To be sure, there’s a decent chance that I’ll fail on the day of the 50k. Maybe it’ll be my first DNF or hell, a DNS; anything can happen. Maybe I’ll get mauled by a random mountain lion who decides to hang out along the 50k route and go after ginger ultramarathon novices. Or good grief, maybe I’ll get lost and have to somehow rapel my way down the hills days afterward because a search party can’t find me because I’ve gotten myself *that* lost.

follow the pretty lines
perhaps the mountain lions won’t be able to follow orange or yellow lines…

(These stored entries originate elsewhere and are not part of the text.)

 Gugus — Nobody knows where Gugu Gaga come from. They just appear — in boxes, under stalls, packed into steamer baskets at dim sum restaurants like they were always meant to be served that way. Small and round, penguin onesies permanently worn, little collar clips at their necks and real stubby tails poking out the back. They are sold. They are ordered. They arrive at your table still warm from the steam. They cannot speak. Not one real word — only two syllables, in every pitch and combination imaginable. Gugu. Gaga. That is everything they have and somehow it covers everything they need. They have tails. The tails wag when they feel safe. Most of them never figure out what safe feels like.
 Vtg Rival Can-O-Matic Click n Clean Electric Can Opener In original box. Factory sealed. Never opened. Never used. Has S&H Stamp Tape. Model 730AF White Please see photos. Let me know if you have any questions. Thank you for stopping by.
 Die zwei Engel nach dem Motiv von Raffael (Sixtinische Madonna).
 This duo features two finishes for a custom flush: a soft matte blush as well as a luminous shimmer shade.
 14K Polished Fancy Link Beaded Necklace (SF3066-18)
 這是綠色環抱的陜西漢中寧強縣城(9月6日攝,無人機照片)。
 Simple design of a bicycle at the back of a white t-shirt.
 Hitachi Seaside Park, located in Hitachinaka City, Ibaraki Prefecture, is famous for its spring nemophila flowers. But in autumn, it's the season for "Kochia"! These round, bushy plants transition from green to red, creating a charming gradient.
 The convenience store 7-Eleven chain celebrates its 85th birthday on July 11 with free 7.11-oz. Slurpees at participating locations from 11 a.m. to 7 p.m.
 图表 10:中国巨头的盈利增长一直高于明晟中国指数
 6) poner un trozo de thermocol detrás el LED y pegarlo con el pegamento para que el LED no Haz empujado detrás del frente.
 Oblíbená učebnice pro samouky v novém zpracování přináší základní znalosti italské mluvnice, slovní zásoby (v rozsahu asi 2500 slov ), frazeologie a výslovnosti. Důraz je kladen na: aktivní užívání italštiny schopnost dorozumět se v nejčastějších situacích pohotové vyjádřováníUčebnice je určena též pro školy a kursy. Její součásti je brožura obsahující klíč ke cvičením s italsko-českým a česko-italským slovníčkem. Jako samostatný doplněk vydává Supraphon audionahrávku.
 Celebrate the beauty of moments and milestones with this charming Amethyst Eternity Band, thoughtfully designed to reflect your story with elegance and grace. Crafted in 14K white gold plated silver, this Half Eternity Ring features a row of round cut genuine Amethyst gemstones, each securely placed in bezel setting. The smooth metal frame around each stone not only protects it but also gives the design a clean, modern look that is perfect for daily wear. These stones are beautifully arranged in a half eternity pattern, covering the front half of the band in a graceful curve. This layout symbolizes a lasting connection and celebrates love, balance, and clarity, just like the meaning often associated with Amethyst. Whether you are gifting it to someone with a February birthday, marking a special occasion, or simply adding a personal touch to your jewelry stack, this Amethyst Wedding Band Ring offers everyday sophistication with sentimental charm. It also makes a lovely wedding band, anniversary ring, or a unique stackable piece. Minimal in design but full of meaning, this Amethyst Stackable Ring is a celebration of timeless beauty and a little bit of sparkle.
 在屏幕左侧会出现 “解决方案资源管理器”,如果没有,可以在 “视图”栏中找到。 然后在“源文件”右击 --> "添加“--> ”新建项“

While some of these scenarios are probably at least a bit more unlikely than others, I guess what matters most is that before we do anything–in terms of our running, in terms of our career aspirations, or hell, in terms of our relationships or families or whatever–there’s always that chance, that crazy possibility that something will go so profoundly and catastrophically wrong that it’ll make make us regret and resent the initial decision we made however long ago to go outside our comfort zone and try something new. Fear of failing is real, and profound, and scary, people.

To that chance though, to that chance that I might fail, or DNF, or DNS, or GMBAML (get mauled by a mountain lion, obvs), I say: fuck it. Life’s far too short and far too precious to stay comfortable and to grow complacent. It’s not until we get so far above and beyond and through (all the prepositions!) our comfort zones that we grow: as people, as members of society, as runners, as whatever. We don’t know what we don’t know, and we only learn by experiencing… by growing… and by exploring.

lots of ascending with @8hasin to get this high... something unattainable from my comfort zone down far below (cred: SB)
lots of ascending with @8hasin to get this high… something unattainable from my comfort zone down far below (cred: SB)

There’s always that chance of failing, but seriously, there’s always that chance of succeeding, too.

Besides, you never know what you’re going to find along the way.

like bliss.
like bliss.

all my love to our upcoming racers in Philly, Dallas, and CIM, as well to everyone else who’s finally saying ‘eff it’ and going after those crazy-ass goals… fear of failure be damned.